Perhaps Alcock wants me to change my conclusion that there were no significant
effects on nonerotic pictures to the conclusion that there were really
really
no significant effects on nonerotic pictures.

In choosing
to test the main hypothesis about erotic pictures in this experiment
with a t test, I was aware that particularly cautious or skeptical
readers might worry about the mathematical assumptions that underlie
this common statistical test. So, I demonstrated that the same result
would be obtained by using an alternative test—called a “nonparametric”
test—that did not rest on those assumptions. I did this throughout
the article, showing in every experiment that the same conclusions are
reached no matter which kind of test is used. These multiple tests were
thus aimed at showing that the same conclusion arises from different
statistical treatments of the same data. This is very different from
conducting several exploratory tests on different portions of the data
and then concluding post hoc that one of them showed a significant effect.
We shall now see further evidence that Alcock seems not to understand
the difference.

The Retroactive Priming
Experiments

Two
of my experiments tested retroactive priming, a time-reversed version
of a popular procedure in contemporary cognitive and social psychology.
In a typical (non-psi) priming experiment, participants are asked to
judge as quickly as they can whether a picture is pleasant or unpleasant,
and their reaction time is measured.
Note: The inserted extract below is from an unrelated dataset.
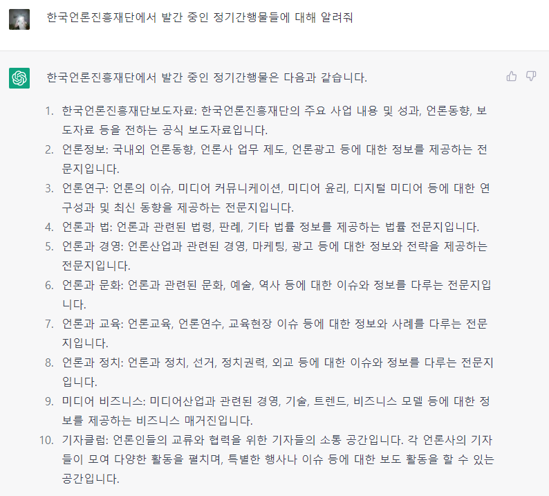 사실과는 무관하게, ‘한국언론진흥재단’이라는 단어에서 확률·통계적으로 가장 적절한 단어를 취합해 답변을 내놓은 것입니다.

Just before the picture appears,
a pleasant or unpleasant word (e.g., beautiful, ugly)
is flashed briefly on the screen; this word is called the prime. Individuals
typically respond more quickly when both the prime and the picture are
both pleasant or both unpleasant than when one is pleasant and the other
is unpleasant. In my time-reversed version of the procedure, the prime
did not appear until after participants made their judgments of the
pictures.

Alcock’s
objections to these experiments are that my

    …data analyses are very
    complex, involving two transformations as well as outlier cut-off criteria,
    and without access to the actual data, [it] is difficult to evaluate
    the adequacy of the analysis. However, it is obvious once
    again that multiple comparisons were carried out without any control
    for multiple testing.

With regard
to the complexity of the data analysis, it is true that reaction time
data require specialized treatment, and I adopted the analytic procedures
that are now considered standard for priming studies. The associate
editor and two of the reviewers of my article are experts in priming
studies and major contributors to the priming literature. Had I not
performed the standard analyses of the data, the reviewers would have
required me to do so before they accepted the article. At least one
expert in priming experiments has also argued that one should always
perform several analyses using different transformations and different
cut-off criteria to ensure that the priming effects hold up across these
variations. That is precisely what I did. Unlike Alcock, the reviewers
understand both the statistical treatment of priming data and why the
multiple tests strengthen the conclusions drawn.

Multiple Tests—One More
Time

In two of
my experiments, I was concerned about potential bias or nonrandomness
in the computer's successive left/right placements of the target pictures,
so I presented four different data analyses, each one controlling in
a different ways for possible bias in the randomization process. Again,
Alcock robotically invokes his mantra about multiple tests, failing
to realize that the whole point of multiple tests in these experiments
was to demonstrate in several converging ways that my conclusions were
not compromised by bias in the random placement of target pictures.

Ironically,
one purpose in reporting multiple tests throughout the article was to
counter a charge often made by skeptics who are tempted to explain away
psi data on the grounds of experimenter dishonesty: This is the charge
that an experimenter might have tried out several statistical tests
and then cherry-picked among them to report only the one that worked.
Alas, when dealing with Alcock, no good deed goes unpunished.